Microsoft has issued a new antifraud certificate feature for Windows systems that checks the authenticity of certificates issued by the software giant to speed the process of removing revoked certificates. The new feature was released along with the company’s June 2012 Patch Tuesday round of updates.
The new method should make that process faster, simpler and in the end provide better protections for Windows users.
Andrew Storms, director of security operations, nCircle
Digital certificates are issued by software vendors as a mechanism to validate the authenticity of the software. The update is in response to the Flame malware toolkit, which used fraudulent Microsoft certificates to spoof the Windows Update mechanism on Windows systems. Researchers have been dissecting Flame and its various components since it was detected on Windows systems in Iran and other countries in the Middle East and North Africa. The latest analysis ties the malware toolkit to the authors of Stuxnet, believed to have been part of a joint U.S.-Israeli operation.
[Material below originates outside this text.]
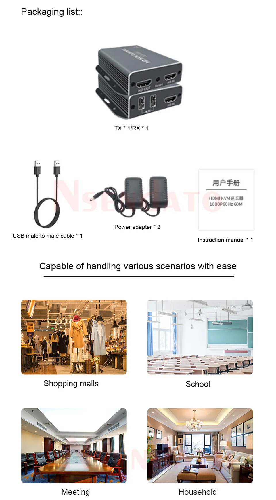 Extensor de red KVM USB HDMI de 60M a través de Ethernet 1080P extensor HDMI con salida de bucle para teclado de ratón cámara de DVD PC a Monitor de TV
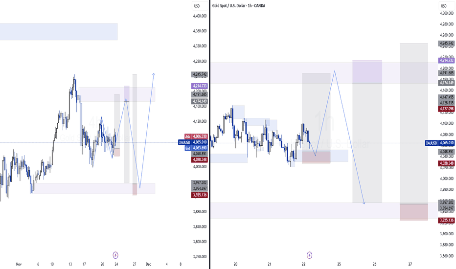 ✍️ NOVA hello everyone, Let's comment on gold price next week from 11/24/2025 - 11/28/2025 ⭐️GOLDEN INFORMATION: Gold (XAU/USD) holds firm in Friday’s North American session after Fed officials signaled the possibility of a December rate cut. The metal trades near $4,096, up 0.53%, after briefly touching $4,101. Despite mixed US data and shifting rate expectations, XAU/USD has moved sideways for the past three days as traders remain uncertain about its next direction. Recent Fed commentary and the return of key economic releases suggest a steady economy with a strong labor market and persistent inflation pressures ⭐️Personal comments NOVA: Gold price accumulates around 4100, showing signs of recovery when breaking the short-term downtrend 🔥 Technically: Based on the resistance and support areas of the gold price according to the H4 frame, NOVA identifies the important key areas as follows: Resistance: $4133, $4242 Support: $4033, $3982 🔥 NOTE: Note: Nova wishes... Read more -

Microsoft said the automatic update feature works on Windows Vista and Windows 7 systems. It checks daily for updated information about certificates that are no longer trustworthy, said Microsoft spokesperson Angela Gunn. Changes to the Microsoft Untrusted Certificate Store were done manually, lengthening the time revoked certificates could be used by attackers, according to Microsoft.
Microsoft was in a similar position last year when it and other software vendors were forced to package up and distribute an update to revoke bad certificates after the DigiNotar certificate breach, said Andrew Storms, director of security operations at vulnerability management vendor nCircle
"Packaging up an update, distributing it and waiting for users to install it can be a lengthy and resource intensive process," Storms said. "The new method should make that process faster, simpler and in the end provide better protections for Windows users."
The update adds known fraudulent certificates to the untrusted certificate store by using a certificate trust list that contains either their public key or their signature hash. Enterprise IT administrators should thoroughly test the update before deploying it, said Marcus Carey, a security researcher at Rapid7. “I’m particularly concerned with legacy appliances and systems that could be adversely affected by the change in key length,” Carey said.
Microsoft revoked three of its certificates, issuing an emergency update June 3 affecting all Windows systems. The Flame attackers targeted the encryption protecting the company’s Terminal Server Licensing Service, which allows customers to authorize Remote Desktop services in their enterprise. The service used an older encryption algorithm and provided certificates with the ability to sign code.
Hardening Windows Update
Microsoft is also planning to roll out measures in August to address the encryption algorithm used by its certificates. The update will address how Windows manages certificates that have RSA keys of less than 1024 bits in length, Gunn wrote in the company’s MSRC blog.
The authors of the Flame malware toolkit successfully used a hash collision attack against the software giant’s current crypto implementation, an advanced hacking technique that has only been demonstrated by researchers. The update would block the use of cryptographic keys that are less than 1024 bits, Microsoft said.
The update will affect all currently supported versions of Windows except for the company’s mobile platform. It could potentially cause issues for organizations using the weaker algorithm said nCircle's Storms. “Even Microsoft was still using MD5 as we saw with the hash collision in use for Flame,” he said. “If the update in August is forced then there could be undesirable side affects to enterprise networks.”
Microsoft’s Kurt Hudson, a senior technical writer, warned businesses to prepare for the update in a message describing the RSA key change in the company’s PKI blog.
“To prepare for this update, you should determine whether your organization is currently using keys less than 1024 bits,” he wrote “If it is, then you should take steps to update your cryptographic settings such that keys under 1024 bits are not in use.”